Chat Control: Won’t someone think of the children?

Chat Control, formally known as Regulation to Prevent and Combat Child Sexual Abuse (CSA), requires messaging apps to allow regulators to scan messages for child sexual abuse content before they’re sent.

However, critics argue it’s a Trojan horse that would kill off privacy by making end-to-end encryption useless.

Germany has become the latest country to oppose the EU’s Chat Control proposal (Fight Chat Control)

“Quite simply, Chat Control completely defeats the security provided by end-to-end encryption,” says Todd. 

“It’ll mandate that a snitching module be installed in all chat software that’ll detect content the government doesn’t like, and undetectably report it.”

Many people worry that once the government is given the power to scan messages for child sexual abuse material (CSAM), they could then “scope creep” into scanning for anything else they see fit to spy on. 

“That snitching module won’t be possible to audit. So you’ll have no idea what it’s actually doing – it’ll be quite possible for governments to snoop on everything from communication between individuals they don’t like, to entire classes of content,” says Todd. 



There are many more reasons cypherpunks don’t want it passed. 

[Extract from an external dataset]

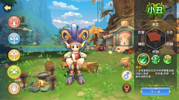 這是一個崇尚自由信仰的奇特職業,小丑的魔力和攻擊力都很平均,但動作又很迅速敏捷。他們善于使用有趣又搞笑的技能,能夠遠距離投擲飛刀對敵人造成傷害,同時也擁有許多輔助性的技能。他們的能力值屬性以敏捷、智力、精神為主。

Some argue it is likely to generate so many false positives from misidentifying parents’ photos of their own kids playing that it will hurt regular folk while sucking up police resources, making it even harder to catch the real criminals. 

Others argue the law undermines Europeans’ fundamental rights to privacy and data protection, violating Article 7 of the Charter of Fundamental Rights of the European Union.

Chat Control could be a national security catastrophe 

Or, worse, it could give bad actors a chance to use the same backdoor.